It will be unsurprising to those familiar with Roddy Lumsden and his work as a poet-teacher within the UK poetry scene that he should oversee and execute this anthology of emerging voices. And on this evidence, he is the rightful heir to Michael Donaghy.
This truly is an assured and measured selection of the brightest lights in the British poetry scene. Each voice within its pages enchants and pleads to be noticed, above and beyond the poetics of the twentieth-century American schools that many have been clearly influenced by - and now surpassed in a variety of ways.
There are poets like Luke Kennard and Annie Freud with their surrealist and absurdist sketches, Chris McCabe and his formal experimentation, John Stammers' cosmopolitan Frank O'Hara-isms, Simon Barraclough's jazzy coolness and Colette Bryce's journeys through the possibility of language.
But this is just scratching the more famous surface of what is to be found within this treasure trove of young talent.
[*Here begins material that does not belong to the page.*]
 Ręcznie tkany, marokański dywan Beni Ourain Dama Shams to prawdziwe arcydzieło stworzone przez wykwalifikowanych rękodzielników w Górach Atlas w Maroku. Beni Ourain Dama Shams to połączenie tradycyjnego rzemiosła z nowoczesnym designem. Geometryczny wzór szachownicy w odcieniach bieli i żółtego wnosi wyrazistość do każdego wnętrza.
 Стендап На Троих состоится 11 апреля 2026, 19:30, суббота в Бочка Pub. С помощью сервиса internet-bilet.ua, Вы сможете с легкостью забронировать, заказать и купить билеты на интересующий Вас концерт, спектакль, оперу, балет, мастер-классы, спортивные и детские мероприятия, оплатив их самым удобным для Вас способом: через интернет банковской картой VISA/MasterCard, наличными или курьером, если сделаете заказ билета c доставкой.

There are many poets in these pages I have never heard of - mainly because they are yet to even publish their first collections at the time of writing - and their poems are as exciting, if not more so, than the few established figures which grace the anthology.
This lends weight to the idea of this anthology being similar, and having a similar impact, to an older Bloodaxe anthology, `The New Poetry' from the early Nineties, which now reads like a who's who of the established poetic order in the UK.
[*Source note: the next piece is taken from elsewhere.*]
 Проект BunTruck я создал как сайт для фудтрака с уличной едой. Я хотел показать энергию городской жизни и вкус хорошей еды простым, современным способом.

In what some - at least in Britain - are defining as a `post-division era' for poetry - where, to paraphrase Louis MacNeice, the poetry world is `incorrigibly plural' - it is anthologies like this, which accept and celebrate the incredible diversity of contemporary poetry, which should be studied, rather than the more famous and less eclectic establishment products that also come out of Bloodaxe's prodigious output of texts.
Highly recommended - especially for those `getting to grips' with the riotous voices assembled across this small island.